My father leaned forward expectantly. “And now?”

“I forgive you,” I released the words on a whoosh of air, like they’d been locked inside me for years, desperate for freedom. “But not for you,” I hurried to explain. “I forgive you for me. For Mum. I have to. I don’t want your actions to ruin the rest of my fucking life. So I forgive you. But I don’t want to have anything to do with you ever again. Don’t call. Don’t set private investigators on me, and for Pete’s sake, leave Sebastian out of it.”

“And if I don’t?” he seethed.

“Then I will file a restraining order,” I told him calmly.

His face slackened with shock. “You cannot be serious.”

“I’m very serious. I don’t want you anywhere near my life or the people I love. If you cannot abide by that, I will make sure you abide it by law.” I turned before he could say another word and pulled open the doors.

I half expected him to shout something vile after me, but there was only shocked silence.

Striding into the hall, I halted upon finding Sarah standing beneath my mother’s portrait.

She turned as I approached. “Are you okay?”

I nodded, taking her hand. “It felt good to be the one in control for a change.”

Her smile was soft, tinged with a little sadness, as she turned back to stare at my mother. “Is this her?”

“Yes. This is Mum.”

“She was beautiful, Theo. You look like her.”

“He didn’t deserve her.” The painter, a famous artist called Raphaella Forbes, captured the warmth and kindness in my mum’s eyes. “She was so good to everyone. Even him. He didn’t deserve her,” I repeated, wishing like hell she’d had a better life.

“No, he didn’t.” Sarah squeezed my hand.

“I worry I don’t deserve you,” I confessed hoarsely. “That everyone will agree because of my past.”

She turned to me, expression solemn. “You have done nothing but take care of me while empowering me at the same time. Do you know how rare that is? To hell with everyone else.”

Warm gratitude filled the hollowness in my chest. Relief too. I brought our clasped hands to my mouth and pressed a hard kiss to her knuckles. “My mum would approve of you.” I looked up at the painting, into Mum’s soft eyes. “Wouldn’t you, Mum?”

A beat later, I looked down at Sarah. “She says yes.”

She laughed softly, eyes still filled with an understanding of my grief that made me love her even more. Pressing a kiss to my fingertips, I rested them against the painting. “Miss you, Mum.”

Swallowing hard, I stepped back, tugging on Sarah’s hand. “Let’s go, my love.”

As we turned to leave, my feet stuttered at the sight of my father standing beneath the archway of the library. For just a second, he wore a stricken expression that shocked me.

However, he quickly covered it, smoothing his countenance to that blank expression I was more familiar with. I knew that blank expression. I’d worn it many times myself to cover up my true feelings.

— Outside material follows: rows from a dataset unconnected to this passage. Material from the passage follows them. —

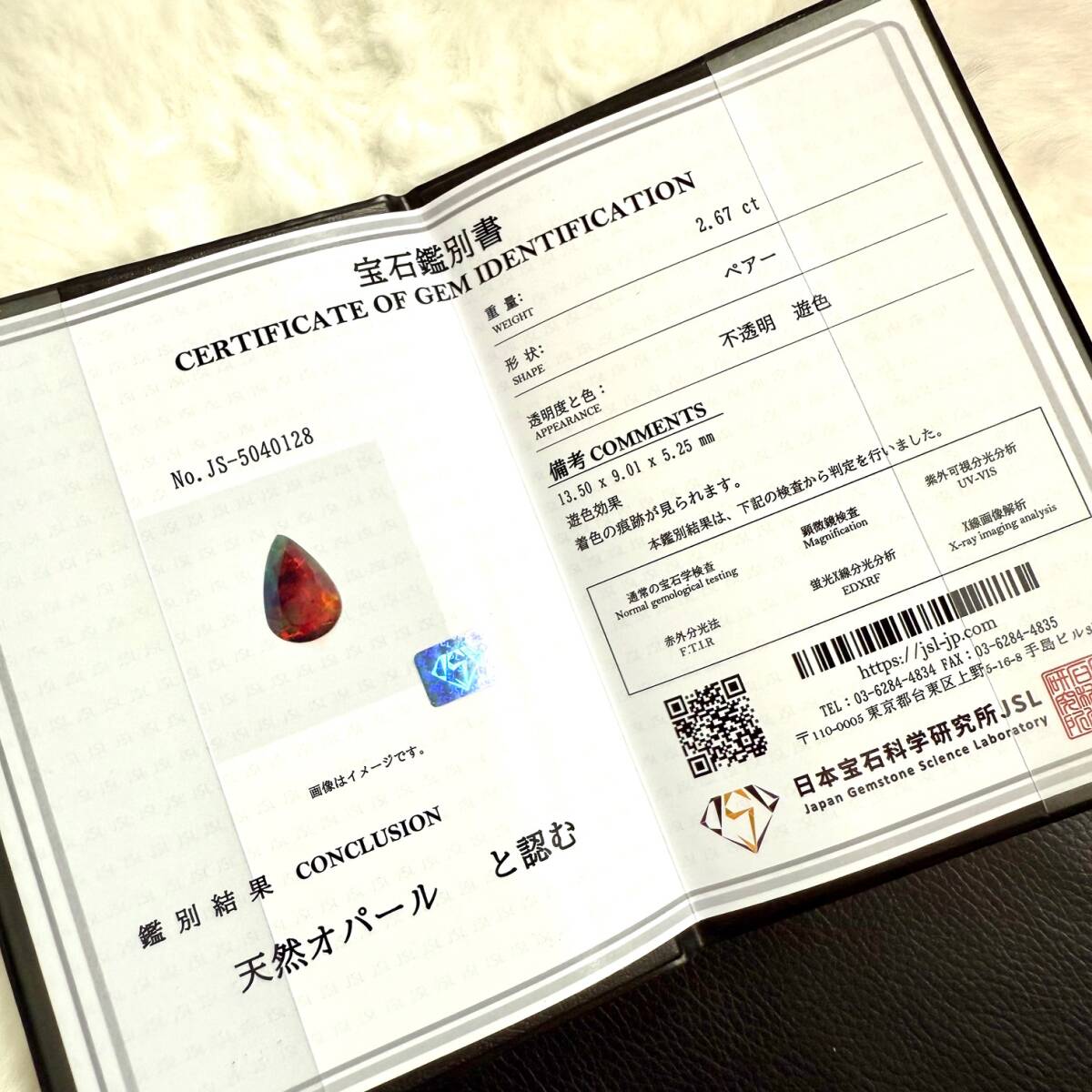 日宝研宝石鑑別書付き
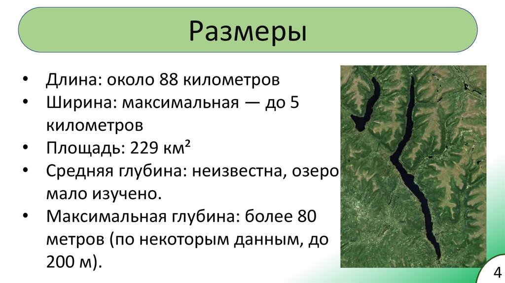 • Средняя глубина: неизвестна, озеро
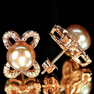 4.81 G. New Design Natural Purplish Pink Pearl Rose Gold Plated Silver Earrings
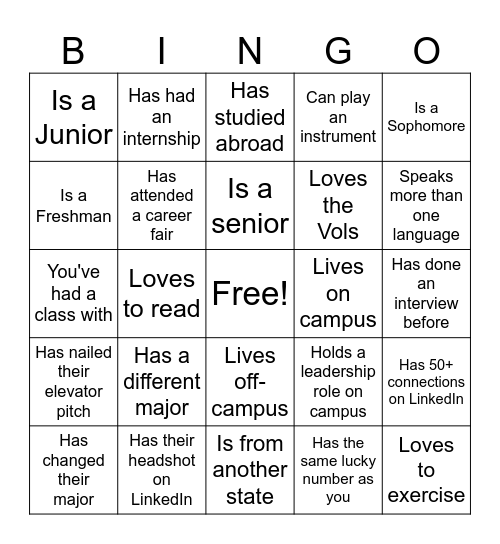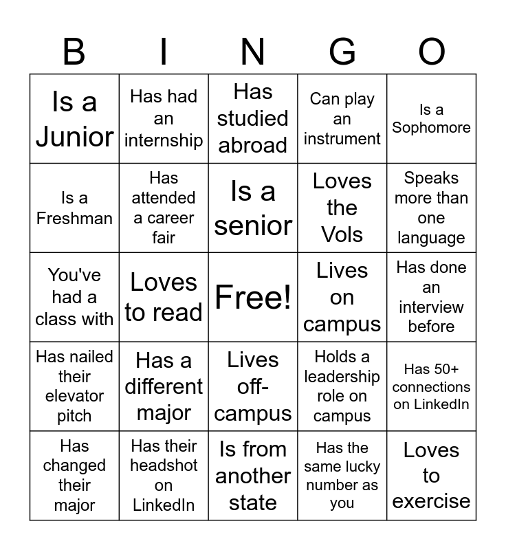 This bingo card has a free space and 25 words: Has a different major, Is from another state, Is a senior, Has changed their major, Is a Sophomore, Is a Junior, Is a Freshman, Has had an internship, Lives on campus, Lives off-campus, Loves the Vols, You've had a class with, Holds a leadership role on campus, Has 50+ connections on LinkedIn, Has attended a career fair, Has a dream job, Has done an interview before, Has studied abroad, Speaks more than one language, Loves to read, Loves to exercise, Has their headshot on LinkedIn, Has nailed their elevator pitch, Can play an instrument and Has the same lucky number as you.
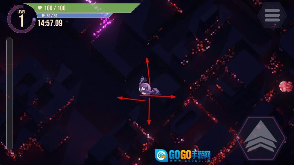 2、留意血量与弹药条的状态,避开敌人的攻击,拾取掉落的物品来恢复自身状态。
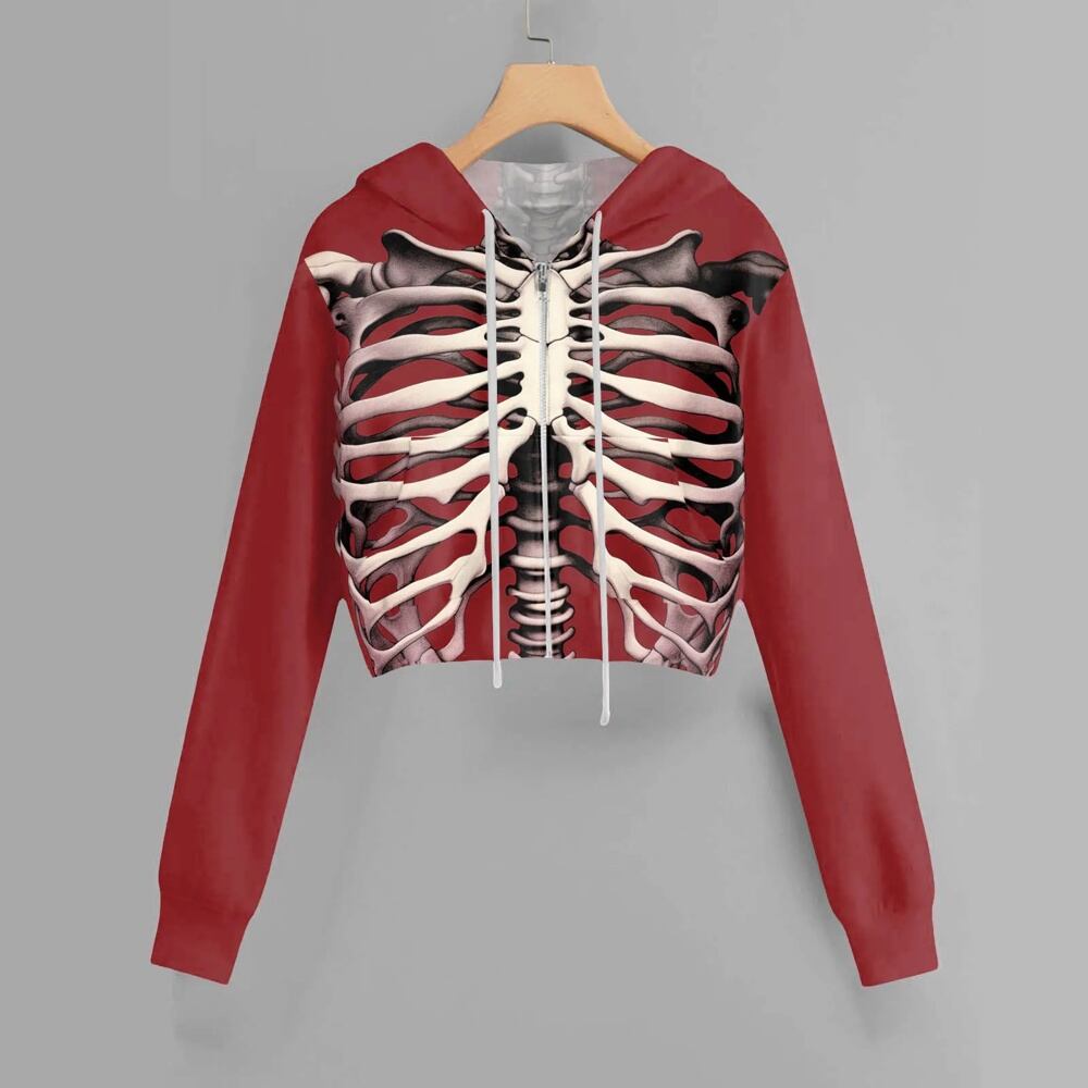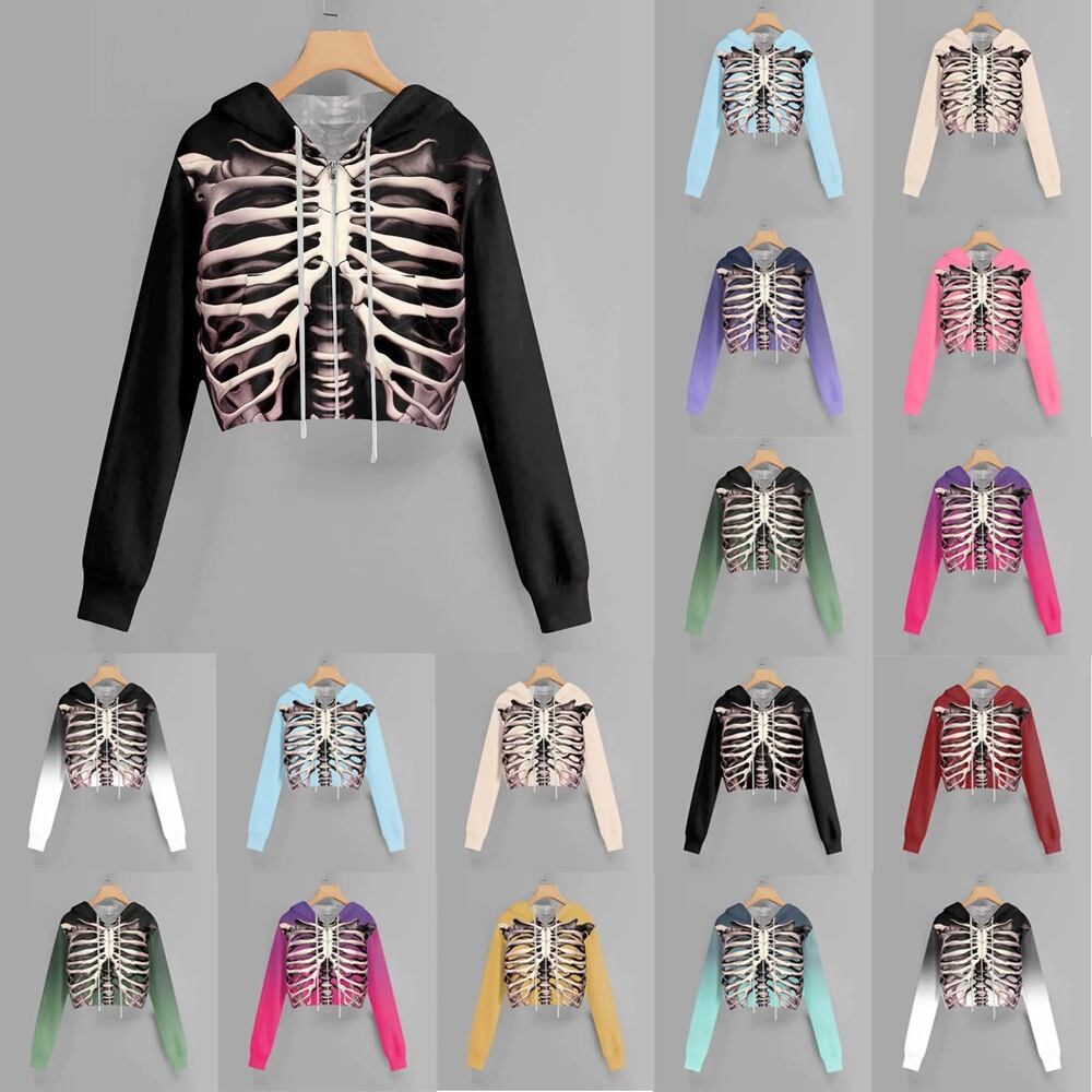 女性用ハロウィンスカルプリントクロップドパーカー、長袖トップス、フルジップフード付きスウェットシャツ、ゴシックストリートウェア、y2k服 パーカー ジャージ y2k T240908201714_01

I realized then that perhaps my father was human after all. That maybe he did experience remorse and guilt. But he was too scared to admit those feelings, too afraid to reveal he was fallible. Terrified, perhaps, to let those emotions in, in case they swallowed him whole.

And in the end, my father’s fear would leave him with nothing and nobody but one son who stuck around out of duty.

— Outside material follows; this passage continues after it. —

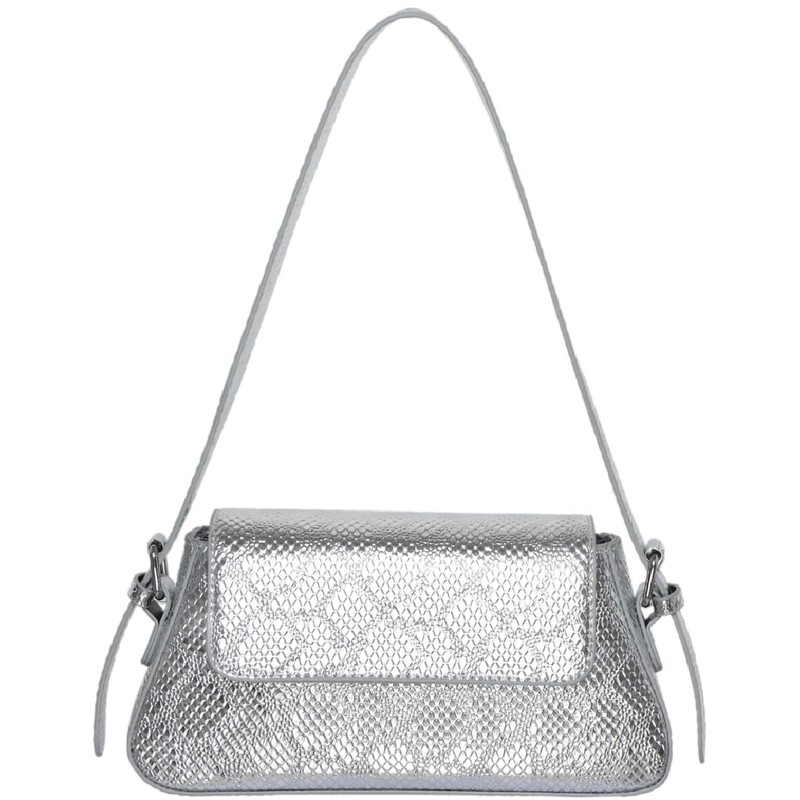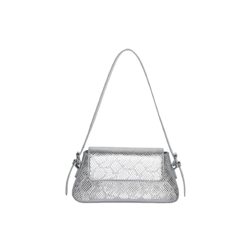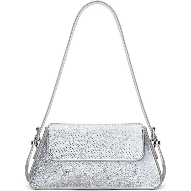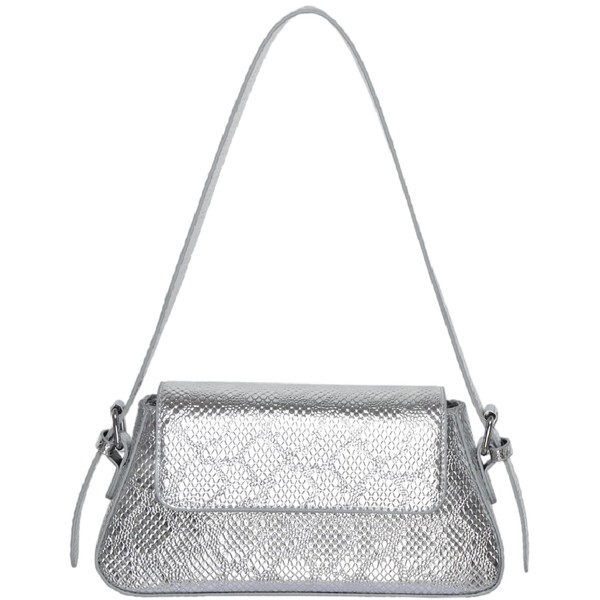 Motleader Silver Metallic Evening Bag for Women Y2K Silver Leather Shoulder Bags Sparkle Purse with Snake Crocodile Pattern, Silver
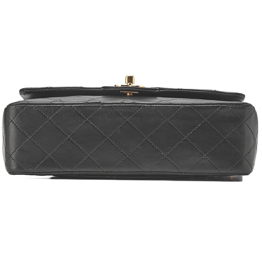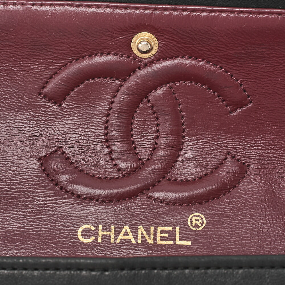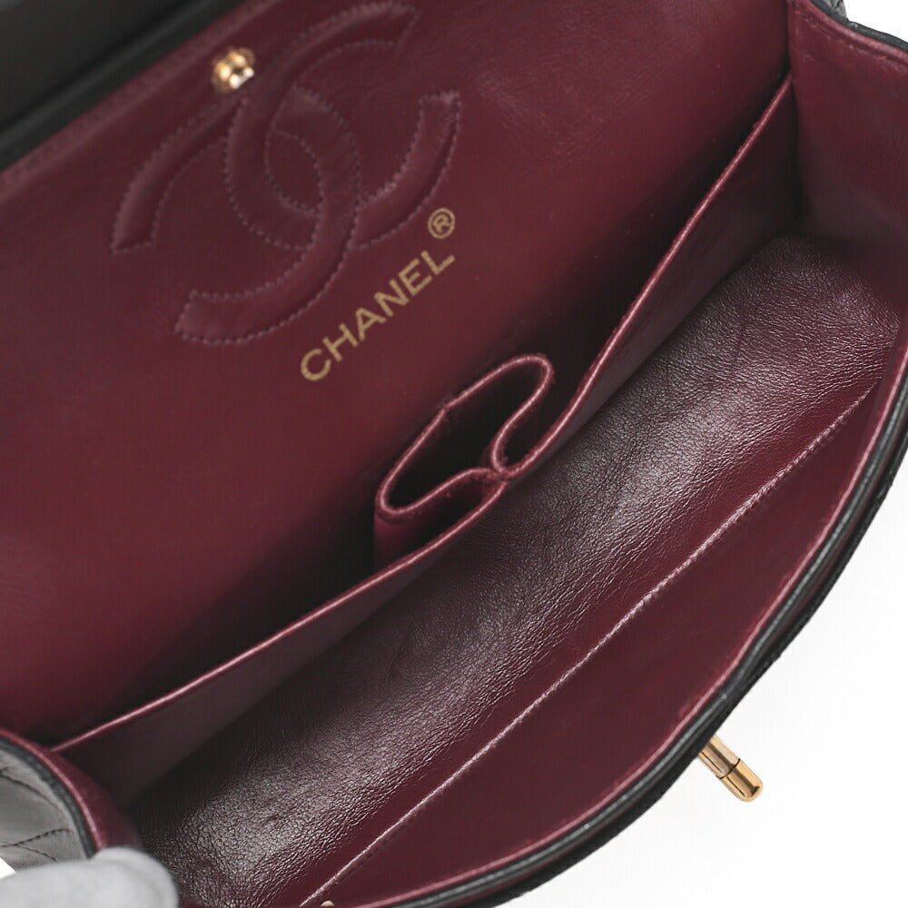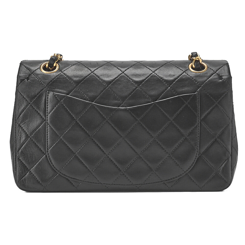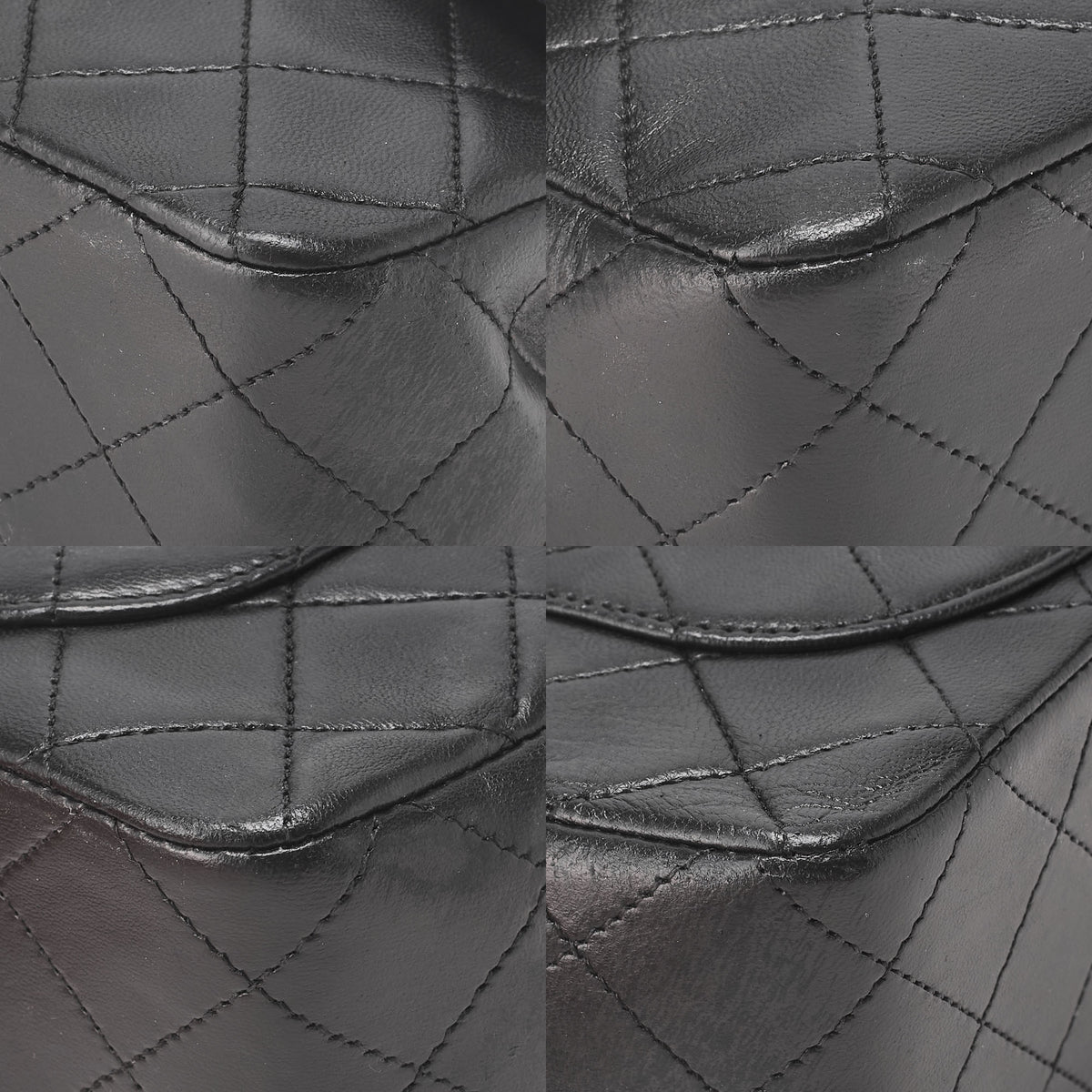 - Brand & Style: CHANEL Chain Shoulder Bag Matelassé Double Flap, black lambskin with gold-tone hardware.

It hit me then, as we left the house on Wilton Crescent, with more clarity than ever, why Sarah asked me to do this. I couldn’t lock my feelings away like my father did. I’d only lose everyone who mattered to me. And there was no way in hell I’d ever risk turning out to be just like Stephen Cavendish.

I wanted to be better.

Not just for Sarah.

For me too.

Thirty-Four

THEO

In an effort not to come off as a suffocating, overprotective Neanderthal, I hadn’t expressed my concern about Sarah heading out into the city. It was the day before New Year’s Eve and London would be teeming with visitors. I had to trust Sarah would be safe, however, meeting her agent for drinks at a bar near Charing Cross.

Thankfully, morbid distraction came in the shape of an encrypted file sent to my email by DCI English’s team. They’d agreed at our visit to let me read the fan mail that had been sent to me in case there was a clue that perhaps only I might pick up on.